Earlier this month, I attended the 2012 Annual Meeting of the Midwest Political Science Association (one of my fixtures, having attended it more or less every year for five years or so).
A trio of highlights–one thing I did, a couple of things I attended, and one thing I did not attend but later caught up on.
First, doing–I had the pleasure of presenting some work in progress by Cristian Vaccari and myself, where we ask “What Drives Politicians’ Online Popularity?” (the paper opens as a .doc here) on the basis of the same dataset underlying this previous paper. The panel, entitled “Campaigns, Elections & Technology” was one of those rare conference panels that had actual intellectual coherence to both the line-up of presenters and the discussion itself. Ben Epstein, Sounman Hong, and Christine B. Williams and Jeff Gulati all presented interesting papers.

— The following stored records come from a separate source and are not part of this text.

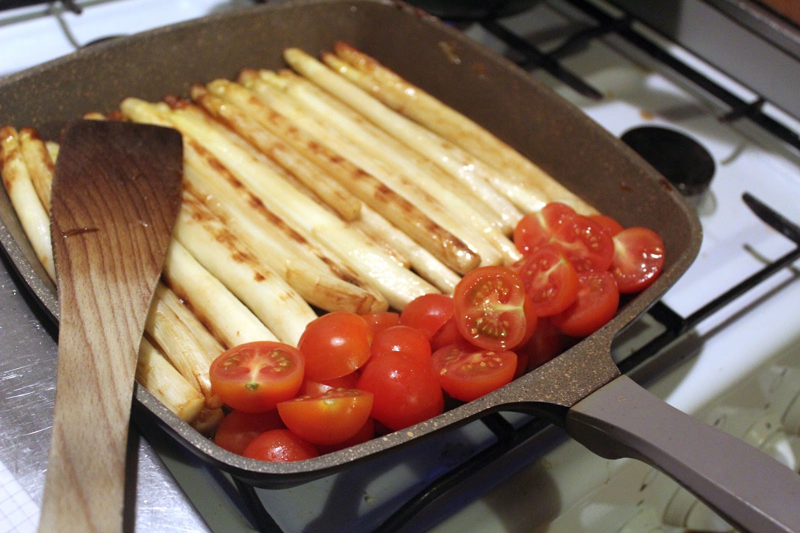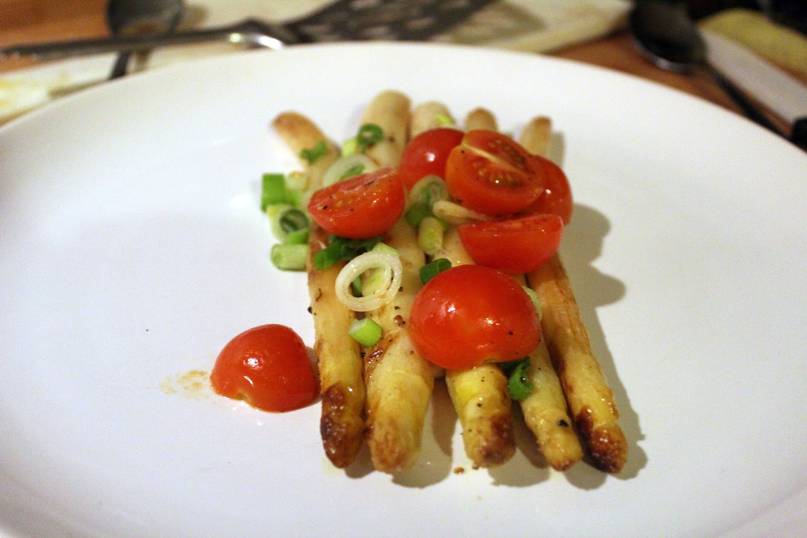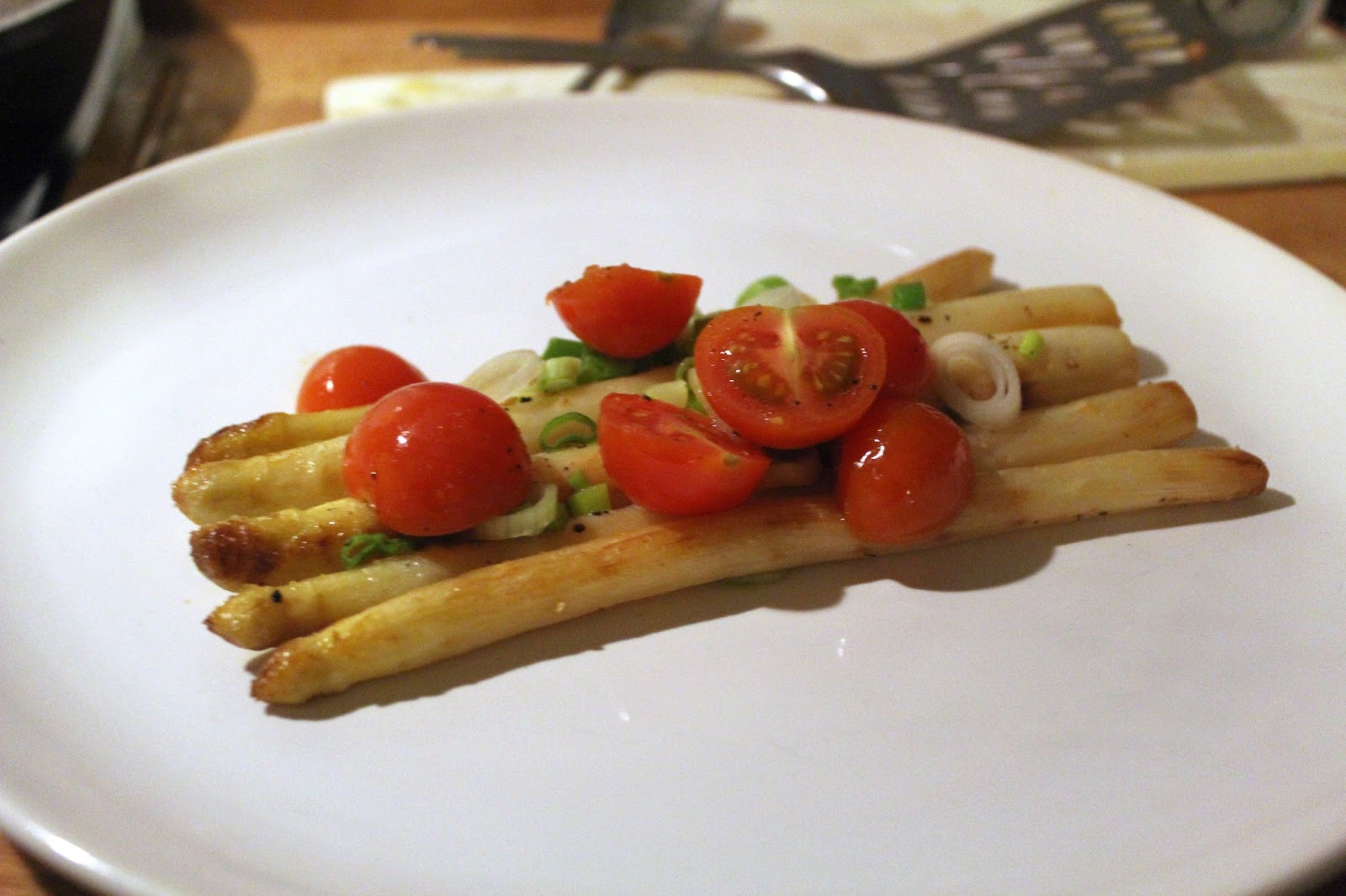 Ich den letzten zwei Minuten Garzeit kommen halbierte Tomaten (irgendeine kleine Sorte, wie Cherrytomaten) in die Pfanne. Wenn der Herd am Ende ausgeschaltet ist, noch die zerkleinerten Lauchzwiebeln in die Pfanne geben. JETZT vor dem Servieren wird der Spargel gewürzt mit Salz, Pfeffer und Zucker. Wer mag kann auch noch Limette, oder Zitrone darüber geben.
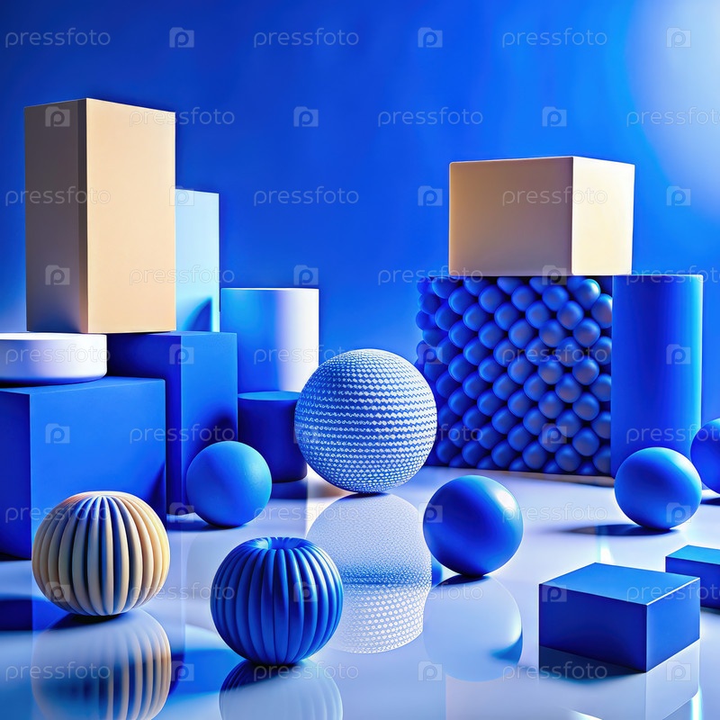 Абстрактные синие и бежевые геометрические формы с текстурированными поверхностями
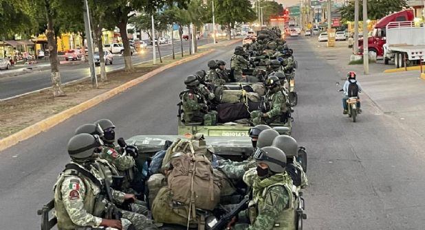 Culiacán.- Ante los altos niveles de violencia que persisten en el estado de Sinaloa llegaron un total de 300 elementos del Ejército Mexicano a la ciudad de Culiacán y se sumarán a la realización de operativos y patrullajes junto a la Guardia Nacional, corporaciones estatales y municipales.
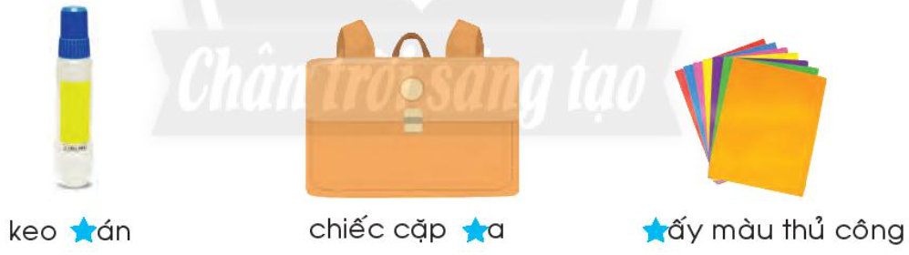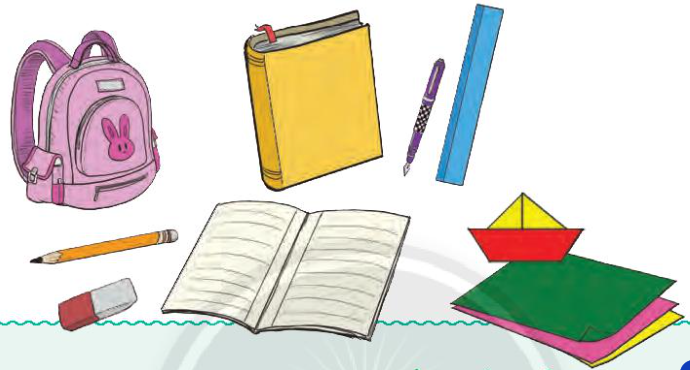 Các đồ vật trong tranh là: cặp sách, quyển sách, quyển vở, giấy màu, thuyền giấy, bút chì, bút mực, thước kẻ, cục tẩy.
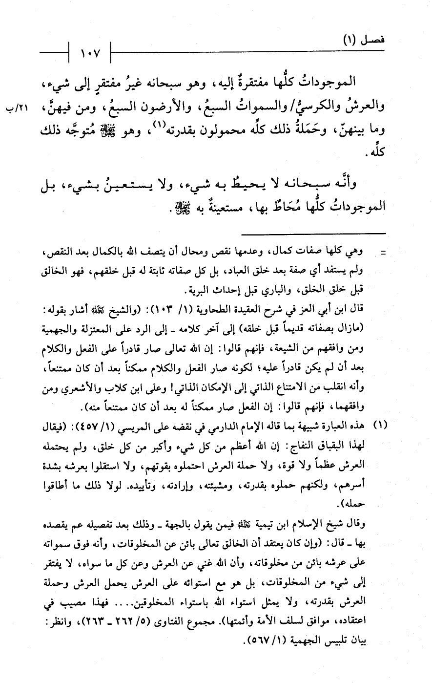 (¬1) هذه العبارة شبيهة بما قاله الإمام الدارمي في نقضه على المريسي (1/ 457): (فيقال لهذا البقباق النفاج: إن الله أعظم من كل شيء وأكبر من كل خلق، ولم يحتمله العرش عظماً ولا قوة، ولا حملة العرش احتملوه بقوتهم، ولا استقلوا بعرشه بشدة أسرهم، ولكنهم حملوه بقدرته، ومشيئته، وإرادته، وتأييده. لولا ذلك ما أطاقوا حمله).
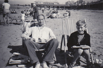flashback to August 1957: me reading on the beach at Burnham-on-Sea, Somerset,
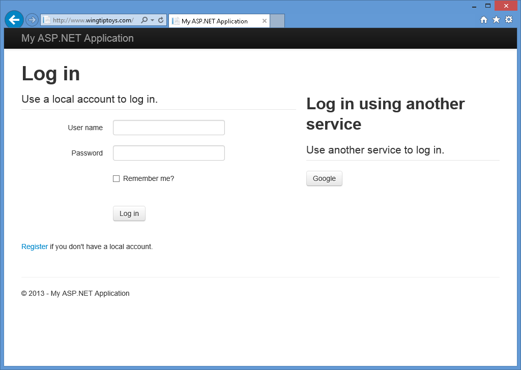 The examples in this walkthrough will demonstrate how to configure each of the supported external authentication services by using the new ASP.NET Web Application template that ships with Visual Studio 2013.
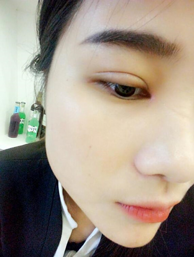 手術(shù)后的第三天,紗布給拆了,眼睛比昨天看起來好多了,沒有那么腫,也沒有那么紅了,眼形看起來也挺不錯的,看起來很喜歡這種感覺!
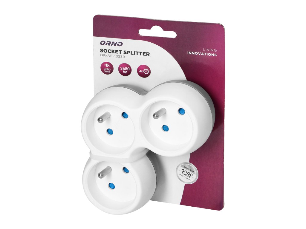 - Praktična uporaba: Zahvaljujoč trem vtičnicam tipa 2P+E lahko naenkrat povežete več naprav brez iskanja dodatne električne vtičnice. Razdelilnik je idealen za uporabo s televizorji, računalniki, polnilci, svetilkami in drugo pogosto uporabljano elektroniko.
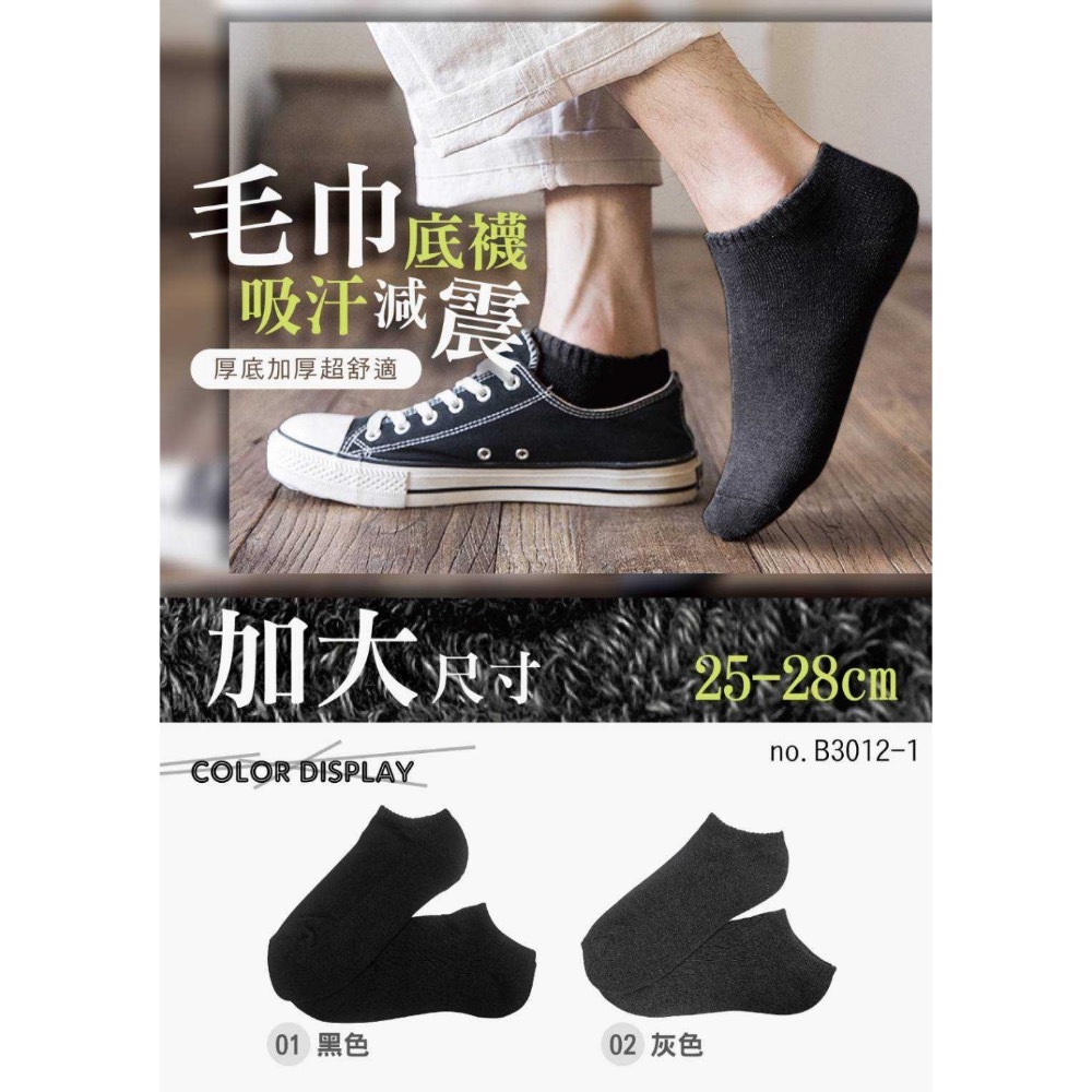 台灣製"加大"尺寸毛巾船襪 (單色一組4雙入) 型號 B3012-1

Betsy Sinclair did a great job as our respondent, and there was a good discussion with people in the audience afterwards, including Dave Karpf, Kevin Wallsten and others.
Second, attending–A couple of other panels I enjoyed were (1) “Mass Media and the Policy Process” were John Lovett and Frank Baumgartner presented a very strong paper asking when there is a single media agende, analyzing data over time, across issues, and between different outlets to show how media attention goes in and out of focus and (2) “Congressional Campaign Advertising” where a strong line-up examined various forms of strategic positioning vis-a-vis party brands, and the ways in which candidates and campaigns think about these choices and execute them.
Third, not doing, but catching up–I missed the presentation of a very interesting paper on “Career Concerns and the Behavior of Political Consultants in Congressional Elections” by Gregory J.Martin and Zachary Peskowitz from Stanford, but the paper can be downloaded here and it is a really neat piece of work that help advance our understanding of political consultants and the work they do.